Three forces are driving the move. First, policy: the full‑island customs operation for Hainan free trade port (started December 18, 2025) has reportedly unlocked tariff and tax incentives that feed upmarket tourism. Second, demand: Chinese consumers increasingly buy “emotion value” — shorter, higher‑quality micro‑vacations that combine family time, wellness and novel experiences; operators are blurring business and leisure to capture that spend. Third, inbound travel is rebounding after post‑COVID reopening and visa‑relief measures; it has been reported that foreign arrivals and tourism receipts climbed strongly in 2025 and are reshaping where chains invest. Industry executives including Sun Wu, vice president of Hyatt Greater China (凯悦集团中国区副总裁), told reporters that hotels are now treated as "entry points to a city" as much as places to sleep.
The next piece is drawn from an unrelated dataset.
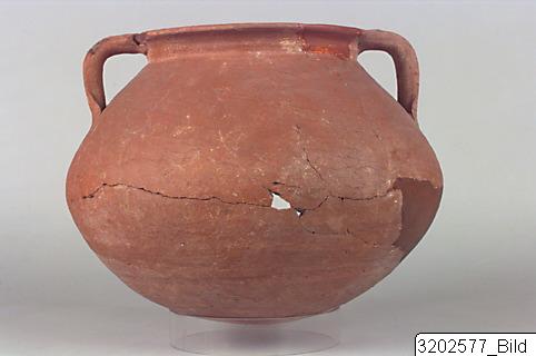 - Round base; biconical body; no neck; spreading rim; slightly bilobate handles from rim to shoulder. Hard, brick clay with grey core.

Bigger question: saturation and strategy

The cluster strategy has clear upsides — operational synergies, higher off‑season demand and a clearer brand narrative — but it also raises risks: land and labour competition, pricing pressure in hot corridors, and the need to keep experiences differentiated. It has been reported that headline suites in Sanya briefly fetched six‑figure nightly rates during peak windows in 2025, signalling both premium demand and the volatility operators face. As capital and brands pour into the “six Nan” corridor, investors and local governments alike will be watching whether policy tailwinds and inbound recovery can sustain long‑term value, or simply accelerate a crowded race for the same coastal and lakefront plots.